Thanks Tree, Briar, and Dedicated. You know what they say...

Every rose has its callibaetis.


----------



## sawsman (Sep 13, 2007)

Very, very cool. :O||:


----------



## InvaderZim (Sep 7, 2007)

Dude, you literally are THE best when it come to this stuff! Effin' fantastic!


----------



## The Naturalist (Oct 13, 2007)

Nice....you ever thought about doing a field guide of some sort? You have the eye for the photography!


----------



## huntnbum (Nov 8, 2007)

I do love your bug pictures


----------



## threshershark (Sep 7, 2007)

ZIM: I really appreciate the comment - and incidentally I've been looking forward to Fall to see more of your upland and bird dog work. Always top notch.

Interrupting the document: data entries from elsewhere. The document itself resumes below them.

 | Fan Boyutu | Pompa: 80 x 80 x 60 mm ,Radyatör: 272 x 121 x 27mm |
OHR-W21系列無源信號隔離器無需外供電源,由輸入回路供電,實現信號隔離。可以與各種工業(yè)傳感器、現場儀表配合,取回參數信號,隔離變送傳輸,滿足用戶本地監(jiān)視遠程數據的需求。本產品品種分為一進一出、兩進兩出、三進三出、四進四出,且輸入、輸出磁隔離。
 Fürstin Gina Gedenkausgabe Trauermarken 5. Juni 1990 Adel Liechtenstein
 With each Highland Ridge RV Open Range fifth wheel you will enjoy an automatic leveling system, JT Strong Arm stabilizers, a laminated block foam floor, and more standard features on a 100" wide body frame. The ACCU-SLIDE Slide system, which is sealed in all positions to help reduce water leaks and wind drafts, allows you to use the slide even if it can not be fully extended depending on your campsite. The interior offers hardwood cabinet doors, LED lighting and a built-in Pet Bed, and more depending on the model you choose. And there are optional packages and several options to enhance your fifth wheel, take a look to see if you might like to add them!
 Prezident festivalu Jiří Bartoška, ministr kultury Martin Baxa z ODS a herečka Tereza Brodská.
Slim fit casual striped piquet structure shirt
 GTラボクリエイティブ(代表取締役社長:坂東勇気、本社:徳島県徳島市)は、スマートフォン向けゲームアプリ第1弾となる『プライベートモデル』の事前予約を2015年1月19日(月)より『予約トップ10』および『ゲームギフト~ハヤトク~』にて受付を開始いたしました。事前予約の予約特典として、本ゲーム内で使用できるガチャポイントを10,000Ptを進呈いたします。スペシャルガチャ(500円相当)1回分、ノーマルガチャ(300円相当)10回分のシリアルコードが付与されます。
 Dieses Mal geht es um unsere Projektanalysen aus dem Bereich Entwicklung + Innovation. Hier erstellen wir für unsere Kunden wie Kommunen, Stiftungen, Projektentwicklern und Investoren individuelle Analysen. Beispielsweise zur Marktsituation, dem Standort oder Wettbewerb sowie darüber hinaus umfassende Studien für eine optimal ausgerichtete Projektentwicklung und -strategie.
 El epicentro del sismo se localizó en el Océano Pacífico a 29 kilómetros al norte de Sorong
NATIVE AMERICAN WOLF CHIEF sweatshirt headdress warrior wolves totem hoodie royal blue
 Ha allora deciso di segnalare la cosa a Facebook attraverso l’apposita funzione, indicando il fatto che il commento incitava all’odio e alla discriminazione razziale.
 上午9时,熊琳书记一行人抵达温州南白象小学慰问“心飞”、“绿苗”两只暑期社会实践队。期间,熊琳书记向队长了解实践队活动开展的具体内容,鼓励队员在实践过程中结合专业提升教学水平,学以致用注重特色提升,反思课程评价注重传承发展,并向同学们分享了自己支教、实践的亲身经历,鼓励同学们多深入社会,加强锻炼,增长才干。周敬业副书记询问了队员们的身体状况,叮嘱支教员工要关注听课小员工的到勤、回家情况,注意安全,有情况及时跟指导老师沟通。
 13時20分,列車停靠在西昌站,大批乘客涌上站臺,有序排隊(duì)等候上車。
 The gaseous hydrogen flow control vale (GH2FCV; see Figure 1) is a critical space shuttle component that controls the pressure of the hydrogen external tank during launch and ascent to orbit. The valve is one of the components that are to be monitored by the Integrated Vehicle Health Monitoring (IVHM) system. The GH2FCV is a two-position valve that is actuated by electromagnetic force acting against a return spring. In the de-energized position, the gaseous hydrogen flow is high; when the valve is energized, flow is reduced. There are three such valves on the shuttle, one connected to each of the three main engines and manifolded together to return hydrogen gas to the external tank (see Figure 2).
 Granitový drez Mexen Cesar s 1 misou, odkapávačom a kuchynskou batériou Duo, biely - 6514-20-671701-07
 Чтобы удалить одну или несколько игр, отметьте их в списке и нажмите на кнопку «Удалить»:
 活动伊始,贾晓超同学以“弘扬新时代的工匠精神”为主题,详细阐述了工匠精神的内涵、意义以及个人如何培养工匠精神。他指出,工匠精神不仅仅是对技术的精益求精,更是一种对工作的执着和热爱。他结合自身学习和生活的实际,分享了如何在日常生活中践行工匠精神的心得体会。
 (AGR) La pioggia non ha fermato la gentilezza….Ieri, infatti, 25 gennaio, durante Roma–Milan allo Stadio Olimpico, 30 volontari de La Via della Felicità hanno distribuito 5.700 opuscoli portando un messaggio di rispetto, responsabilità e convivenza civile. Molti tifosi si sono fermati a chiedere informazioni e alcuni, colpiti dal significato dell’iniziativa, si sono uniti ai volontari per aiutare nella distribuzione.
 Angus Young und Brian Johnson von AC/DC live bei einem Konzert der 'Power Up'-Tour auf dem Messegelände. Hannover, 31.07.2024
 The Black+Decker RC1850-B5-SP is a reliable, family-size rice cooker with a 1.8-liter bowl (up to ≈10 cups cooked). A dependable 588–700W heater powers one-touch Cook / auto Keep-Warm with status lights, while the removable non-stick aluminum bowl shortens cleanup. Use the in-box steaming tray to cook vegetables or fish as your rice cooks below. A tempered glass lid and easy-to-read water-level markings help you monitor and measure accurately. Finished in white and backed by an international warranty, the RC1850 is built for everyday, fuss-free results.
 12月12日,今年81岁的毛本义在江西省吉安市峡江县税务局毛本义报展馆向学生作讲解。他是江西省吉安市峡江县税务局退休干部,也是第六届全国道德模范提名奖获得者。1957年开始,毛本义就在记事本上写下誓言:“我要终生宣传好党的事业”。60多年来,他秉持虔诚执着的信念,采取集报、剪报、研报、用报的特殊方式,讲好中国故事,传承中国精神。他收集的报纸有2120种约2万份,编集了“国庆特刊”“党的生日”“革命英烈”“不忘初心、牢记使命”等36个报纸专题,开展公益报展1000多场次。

Naturalist: Thanks for the compliment. I mainly do this for fun, and the occasional fly fishing publication or gear company catalog. I've been approached by a couple of coffee table book projects, but so far the scope has been larger than I have time for since my profession is in another industry. Still, maybe someday.

Huntnbum: Thank you, and I'm glad you like the shots!


----------



## .45 (Sep 21, 2007)

I like 'em too !!!

Thresh:......image maker of bugs !!


----------



## 71nova (Jan 9, 2008)

I really like the detail of the second one. Awesome!!


----------